Halaman

Senin, 23 Maret 2015

APA ITU KEBUDAYAAN?

APA ITU KEBUDAYAAN?

Kebudayaan merupakan sebuah system arti dan makna yang tercipta secara historis, yang mewujud dalam pada satu system keyakinan dan praktek, yang mengatur dan menstrukturkan kehidupan individual dan kolektif manusia. Dengan demikian istilah kebudayaan selalu merujuk pada keyakinan-keyakinan dan praktek.
Kebudayaan juga merupakan sebuah cara, baik untuk memahami maupun untuk mengorganisasikan kurang lebih keseluruhan kehidupan manusia. Istilah budaya bisnis,  budaya obat, dan moral, politis, akademis atau seksual mengacu pada lembaga kepercayaan dan praktek yang mengatur bidang kehidupan manusia yang relevan, termasuk cara bagaimana budaya-budaya ini dikonsptualisasikan, dibatasi, distrukturkan, dan diatur.

Istilah kebudayaan “kita” bukan mengacu pada salah satu kebudayaan yang di dalamnya kita dilahirkan, karena kita berpindah atau mengadopsi dan dibesarkan dalam kebudayaan lain, tetapi kebudayaan yang digunakan untuk memahami dan mengorganisasikan kehidupan kolektif dan individual kita. Kebudayaan “kita” adalah kebudayaan yang kita diami, yang telah membentuk kita, dan yang kita manfaatkan untuk mengidentifikasi, dan kita mengakuinya sebagai anggota dari komunitas budaya yang berbagi bersama kepercayaannya dan berpartisipasi dalam prakteknya.



KOMUNITAS BUDAYA
Komunitas budaya merupakan sebuah kumpulan masyarakat yang berbagi pengetahuan, kepercayaan, agama dsbnya, yang bersatu menurut budaya yang sama. Walaupun  budaya lain memberi pengaruh dan memberi banyak kesenangan, namun tidak menjadi bagian dari kebudayaan kolektif mereka.

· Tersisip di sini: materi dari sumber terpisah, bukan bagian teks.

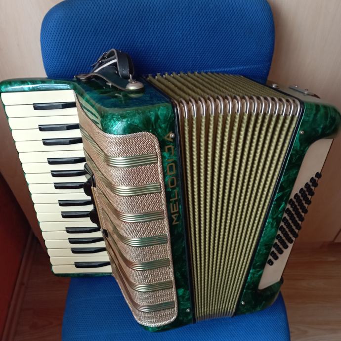 Prodajem harmoniku Melodija 48 basova sa koferom. Harmonika je dvoglasna ispravna dobro očuvana. Inf. na mobitel.
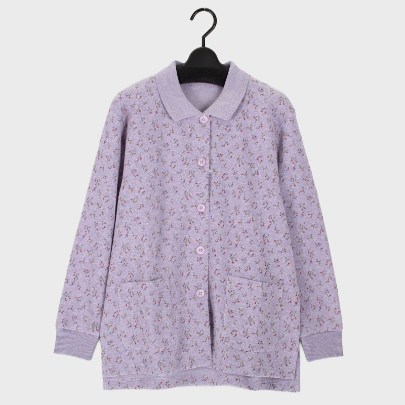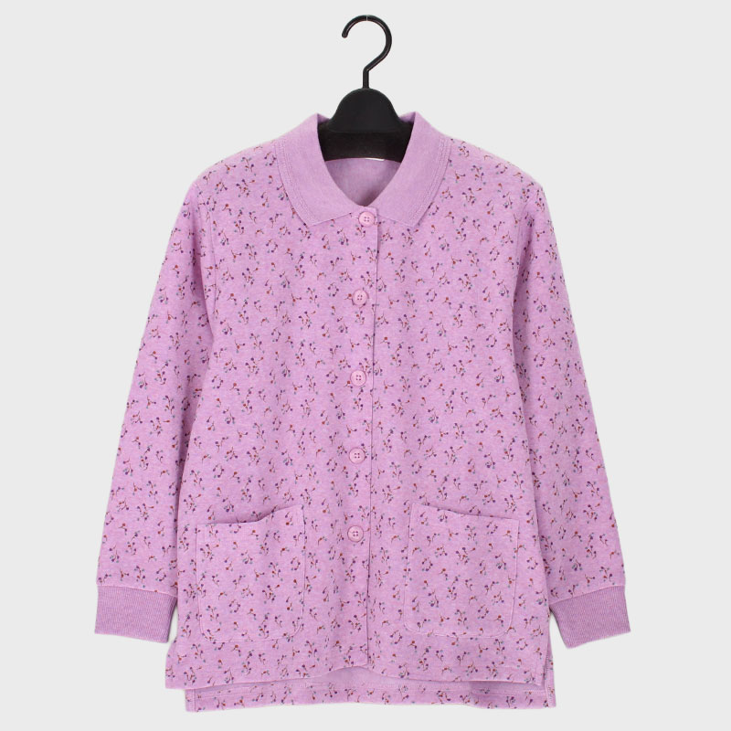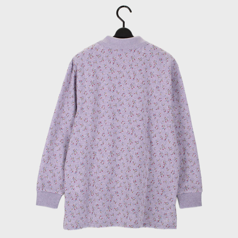 婦人シルバー裏起毛全開ポロシャツ(小花柄)
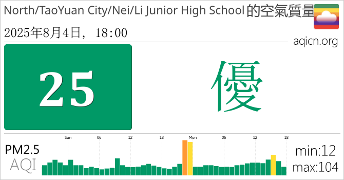 台灣North/TaoYuan City/Nei/Li Junior High School的空氣污染指數是優
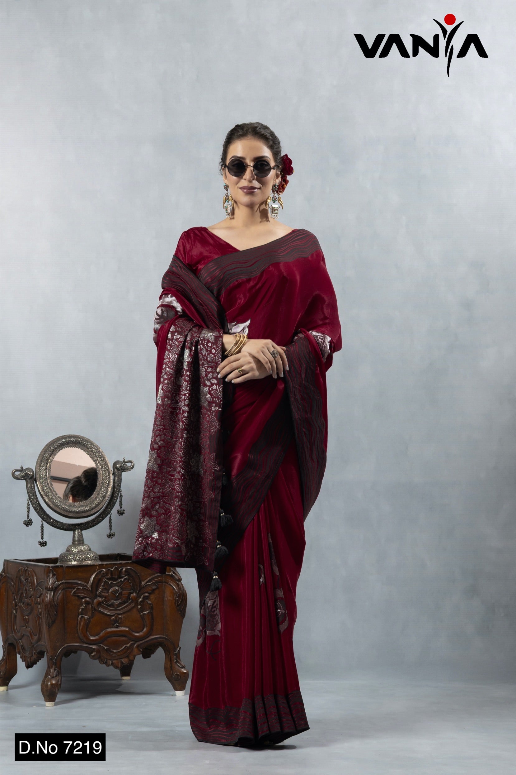 Make a dramatic entrance with the **Vanya Wine & Silver Saree**, a piece designed for the spotlight. This saree drapes like a dream in a rich **Maroon Silk Blend**, setting the perfect canvas for the striking **metallic silver** detailing. It’s the ultimate statement of luxury, blending traditional brocade artistry with a high-fashion, contemporary aesthetic.
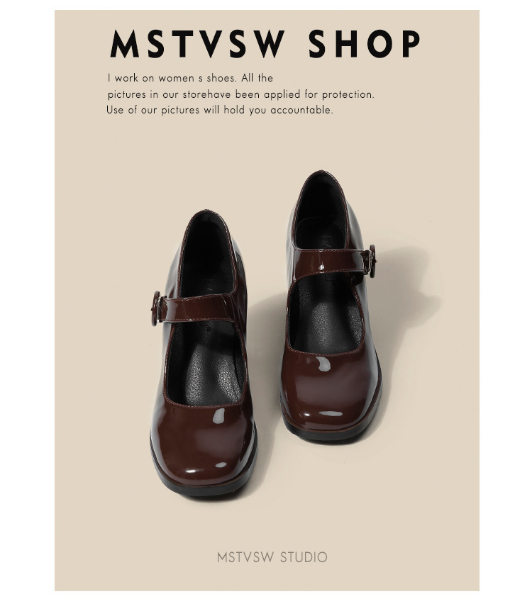 메리 제인 신발 여성용 레트로 영국 스타일 햅번 블랙 하이힐 원 버클 두꺼운 굽 스퀘어 토 슈즈 여성스토어 가기
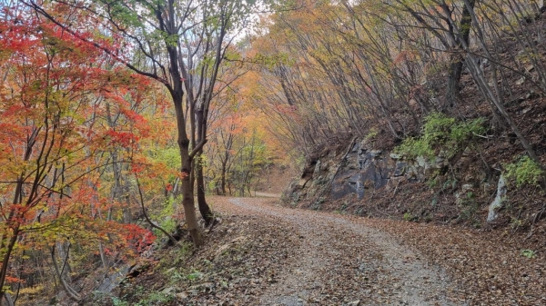남해힐링숲타운에서 순천바위까지 이르는 약 4.5km의 임도에는 단풍이 곱게 내려앉았으며 숲길에서 바라보는 내산저수지 일원의 가을풍광도 일품이다.
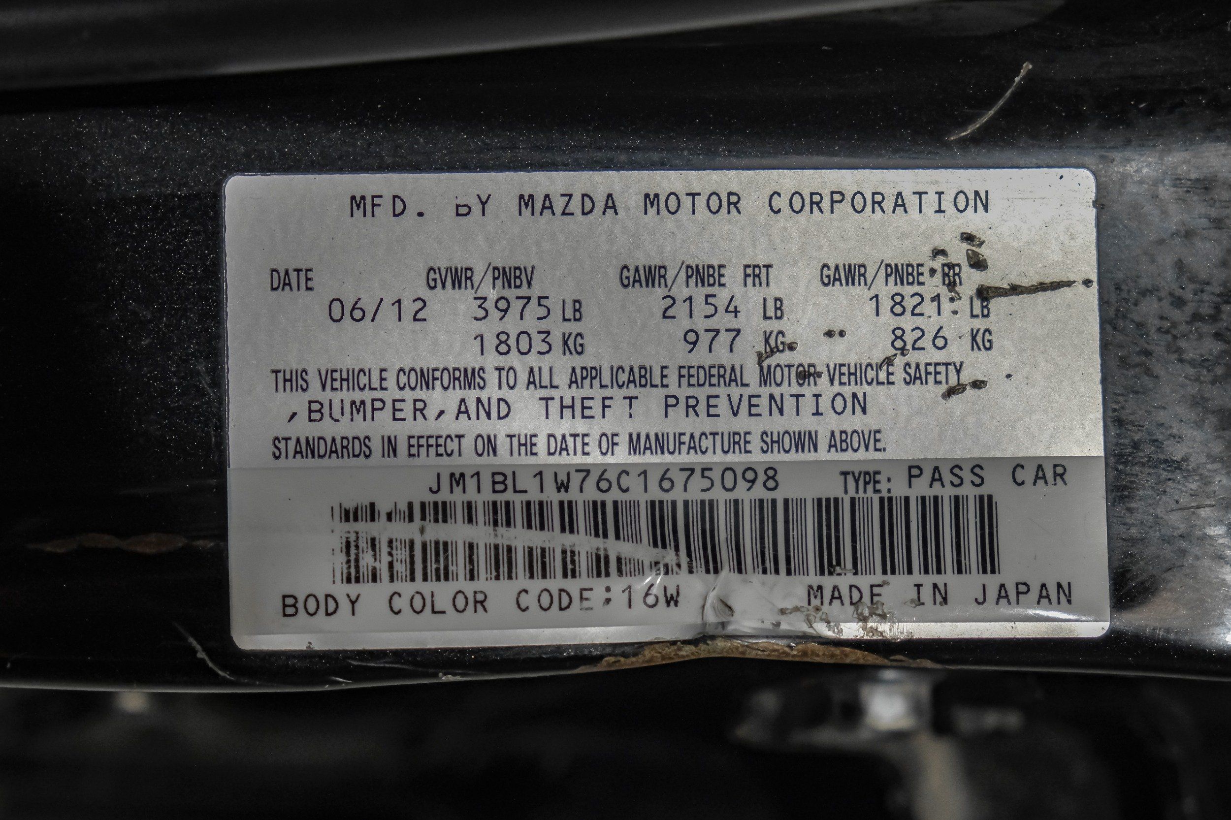 | VIN | JM1BL1W76C1675098 |
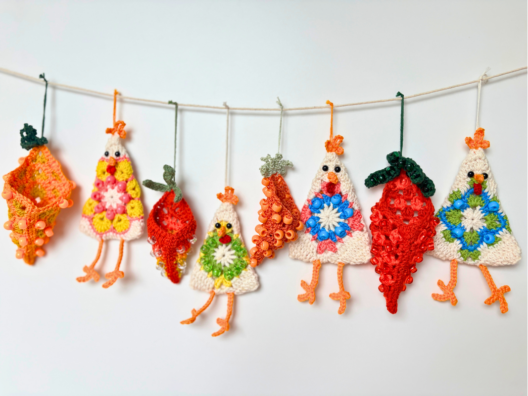 In dieser detaillierten PDF-Anleitung lernst du, wie du die lustigen „Crazy Chickens“ im Granny-Square-Stil und die passenden, mit Perlen verzierten Karotten häkelst. Die Karotten sind so entworfen, dass sie perfekt mit kleinen Schoko-Eiern gefüllt werden können – das ideale Gastgeschenk oder Highlight für deine Ostergirlande!

Dilahirkan dan dibesarkan dalam komunitas budaya berarti dipengaruhi secara mendalam oleh isi kebudayaan dan dasar komunalnya. Manusia dilahirkan dengan kumpulan kapasitas dan tendensi dan ditransformasikan secara perlahan oleh kebudayaan mereka ke dalam pribadi-pribadi rasional dan bermoral, dan kebudayaan membentuk dan menstrukturkan kepribadian mereka. Anggota komunitas budaya belajar untuk melihat dunia dengan cara yang khusus mengindividuasikan dan memberikan arti dan makna tertentu pada aktivitas dan hubungan manusia, dan untuk melangsungkan aktivitas dan hubungan manusia menurut norma-norma tertentu (=memberikan isi atau identitas kepadanya). Sebab itu Identitas dan identifikasi terkait erat dengan kebudayaan. Seseorang teridentifikasi sebagai laki-laki atau perempuan karena memiliki identitas yang sama dengan mereka, dan identifikasi seseorang memberikan sebuah dasar social, kekuatan emosi dan ukuran stabilitas serta obyektivitas pada identitas tersebut.

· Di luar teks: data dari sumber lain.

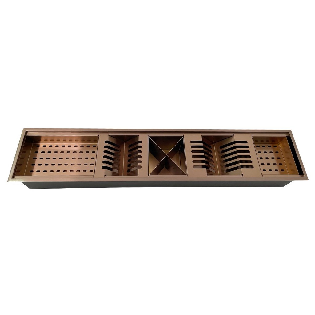CALHA GOURMET CANAL ORGANIZADOR ESCORREDOR ÙMIDA AÇO INOX 90cm ROSÊ Utilizado para suporte de louças, copos, talheres e utensílios de cozinha após a lavagem e enxágue. Tradicionalmente conhecido como escorredor de louças, a calha úmida vai completar sua cozinha e espaço gourmet. Trazendo praticidade e sofisticação para seu projeto, pode ser instalada sobreposta ou embutida irá coletar toda água dos escorredores e escoará diretamente pelo esgoto através de um dreno no centro da peça o qual poderá ser ligado no sifão da cuba ou em um ponto exclusivo de esgoto para calha. Desenvolvido em aço inox de alta qualidade, com chapa de 1,0 milímetros de espessura e acabamento acetinado escovado, alia praticidade, modernidade e beleza ao seu ambiente. A pronta entrega, acompanha válvula sifão e todos os módulos da imagem, que são projetados para perfeita mobilidade tendo assim um encaixe perfeito e podendo ser posicionados da forma que desejar, auxiliando o processo de lavagem e enxague de louças, copos, talheres e utensílios de cozinha Medidas externas: 900 x 190 x 140 mm (C x L x P) Medida útil: 880x160x140 mm Profundidade: 140 mm Conjunto de Módulos contém: 02 módulos para pratos (total para 12 pratos) 01 módulo para copos 01 módulos com 04 recipientes para talheres e utensílios 01 módulo para esponja ou outros utensílios ESPECIFICAÇÕES TÉCNICAS: - Marca: STILLUS HOME - Referência do Modelo: CAL-008 - Acabamento: Aço inox Rosê - Material: Aço Inoxidável - Comprimento: 90 cm - Largura: 19 cm - Profundidade: 14 cm - Furo para válvula de 3 1/2" - Peso bruto (com embalagem): 6,5 Kg - Acompanha Sifão Completo - Acompanha Válvula em Aço Inox de 3 1/2” Recomendações de Uso: Esta peça contém bordas cortantes. Manusear com cuidado. Não usar ácido muriático, água sanitária ou qualquer outro solvente para lavar objetos na pia. Na reforma ou construção, proteger a pia para não deixar sobre a mesma, pó de cimento ou gesso. Enxaguar e secar bem a peça após o uso. Nunca deixar objetos metálicos sobre a peça por períodos muito longos, para evitar a corrosão. Para manter o brilho da sua calha, recomendamos o uso da pasta para polir e remoção manchas nas superfícies de aço inoxidável. 6 MESES DE GARANTIA CONTRA DEFEITOS DE FABRICAÇÃO
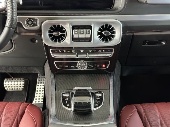 23款奔驰G63AMG内饰即豪华又充满科技感、中控台多处均采用碳纤维材质覆盖带彩色TFT显示屏的AMG仪表盘、AMG主菜单和单独的挡位显示器以及采用白色照明的AMG门槛。双12.3英寸贯穿式的显示屏营造出了浓郁的科技氛围。当然了,经典的三把锁按键自然不会缺席、并且设置在中控台最为显眼的位置。

Meskipun manusia dibentuk oleh kebudayaan mereka, mereka tidak dibentuk atau ditentukan oleh kebudayaan, dalam pengertian tidak mampu memberikan pandangan kritis atau menonjolkan keyakinan dan aktivitas yang mendasar serta menggapai kebudayaan-kebudayaan lain. Determinisme budaya masuk akal hanya jika kita mengasumsikan bahwa kebudayaan merupakan suatu keseluruhan yang melekat dan keutuhan terstruktur yang dengan erat tidak terpengaruh oleh apa pun di luarnya, dan bahwa individu merupakan materi pasif dan liat yang tidak berpikir mandiri. Kebudayaan tidak hidup dengan sendirinya. Kebudayaan  terikat menjadi satu dan dipengaruhi oleh susunan ekonomi dan politik, tingkat perkembangan tehnologi, dsb yang dijalankan oleh masyarakat.



ARTIKULASI KEBUDAYAAN
Kebudayaan diartikulasikan dalam beberapa level. Pada level paling dasar budaya direfleksikan dalam bahasa, termasuk cara-cara sintaksisnya, tata bahasa dan kosa kata dalam membagi dan mendeskripsikan dunia. Kebudayaan juga ditanamkan dalam peribahasa, pepatah, mitos, ritual, symbol, memori kolektif, lelucon, bahasa tubuh, model komunikasi non-linguistik, adat, tradisi, institusi dan cara bertegur sapa. Pada level yang sedikit berbeda, budaya ditanamkan dalam literature seni, music, karya sastra lisan dan tulisan, kehidupan moral, cita-cita, dll. Dalam struktur dan tatanan kehidupan manusia, budaya juga diartikulasikan dalam peraturan-peraturan dan norma-norma yang mengatur hubungan social dan aktivitas dasar seperti bagaimana, di mana, kapan dan dengan siapa orang bergaul dan bercinta, bagaimana orang berkabung ddan melupakan kematian, dan memperlakukan orang tua, anak, istri, tetangga-tetangga dan orang asing.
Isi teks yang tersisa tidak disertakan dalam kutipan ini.